Viktor stieg aus dem Zug

Viktor stieg aus dem Zug, als kehrte er aus der Schlacht bei Königgrätz zurück. Er durchmaß den Bahnhof mit langen Schritten und passierte die große Schwingtür, die hinaus auf den Hardenbergplatz führte. Hier verhielt er einen Moment und verschränkte die Hände auf dem Rücken.

Was für ein Rummel. Berliner, die die Stadt verließen; Auswärtige, die hereinkamen; Taxifahrer, die um Kundschaft feilschten; hupende Parkplatzsucher; Familien, die den Zooeingang nicht finden konnten.

Wie schön war es doch bei ihm draußen am See. Diese Ruhe rund ums Schloss, die Einheimischen, denen jede Art von Krach Misstrauen einflößte.

Gut, abgesehen von den Handwerkern natürlich. Aber das würde ja irgendwann auch ein Ende haben. Und dann könnte er endlich in seinem kreisrunden Stübchen sitzen, meditieren, gesüßten Tee trinken und seine Studien für die Nachwelt festhalten.

Er wollte zum Taxistand hinüber, doch dort hinten stand jemand und winkte.

Bimböse.

Holte ihn hier vom Bahnhof ab. Dem Manne war auch nichts peinlich. Aber gut, warum nicht. Eine letzte Prüfung, bevor ich das alles hinter mir lasse.

„Bimböse! Das ist aber nett, dass Sie mich abholen. Woher wussten Sie denn, mit welchem Zug ich komme?“

Bimböse hielt ihm die Beifahrertür auf und stand da wie einer der Portiers vor dem Kempinski, die ihr Trinkgeld wie eine Beleidigung entgegennehmen.
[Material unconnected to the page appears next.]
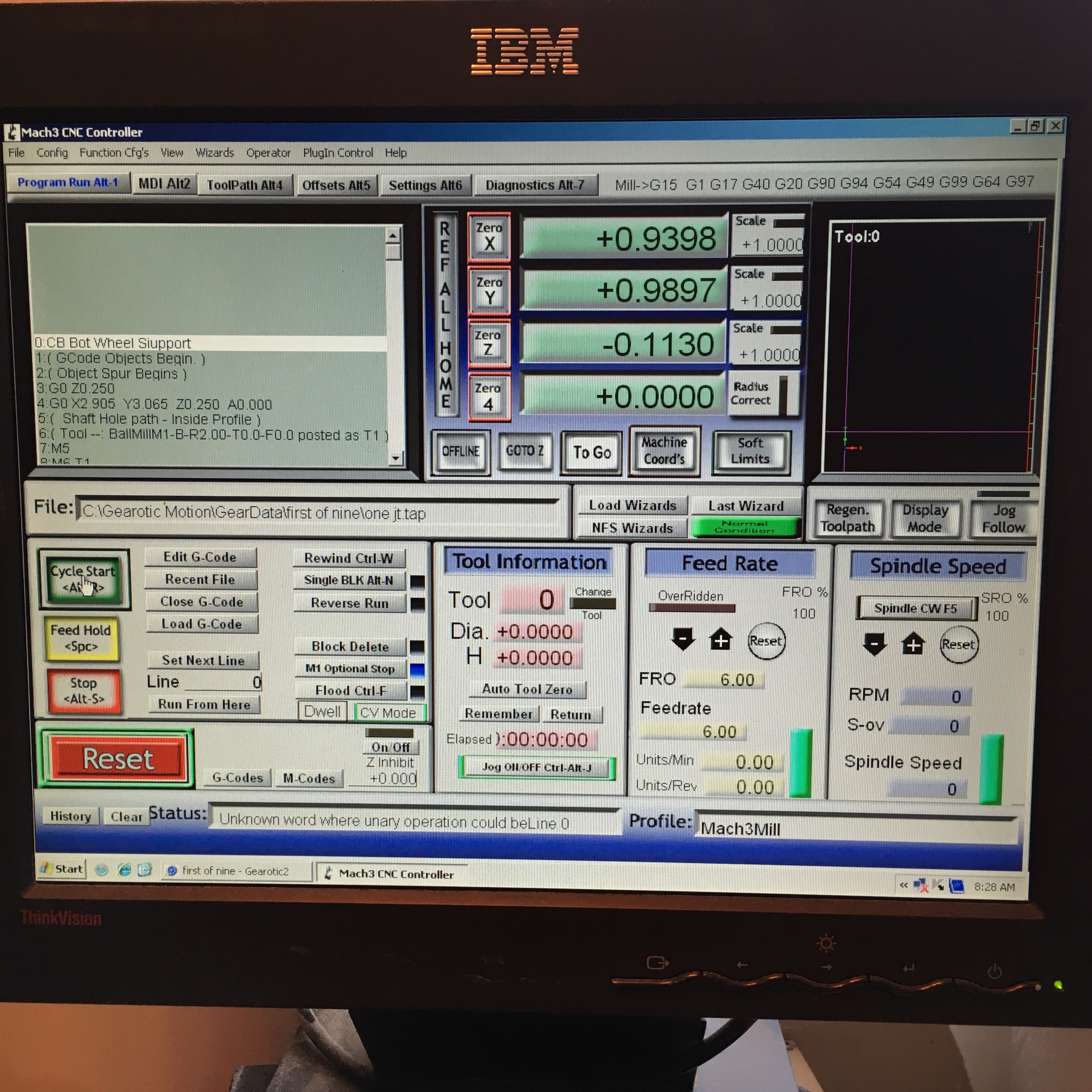 I have created a simple circular gear, about 4.5 inches in diameter with the latest download of Gearotic (3rd axis generated). I load it into Mach 3 version 2.0 and the G code loads, I can see it on the Mach3 screen but it won't run the machine. If I load older files will run fine but not the new one.

„Ach, das war nicht schwer. So viele Züge kommen nicht herein aus Ihrer Einsamkeit da oben. Und ich weiß ja, wann Sie in etwa morgens das Haus verlassen. Im Büro sind Sie nie vor zehn Uhr eingetroffen. Also hab ich mich nach einer Verbindung umgesehen, die gegen neun aus Neustrelitz abgeht.“

Bötz hörte dem Sermon seines PR-Beraters zu und war ganz sicher, dass der Mann getrunken hatte. Wer käme denn wohl auf die Idee, so mit seinem Chef zu sprechen, selbst wenn dieser Chef ihm die Kündigung ausgesprochen hatte? Immerhin wollte Bimböse eine höhere Abfindung.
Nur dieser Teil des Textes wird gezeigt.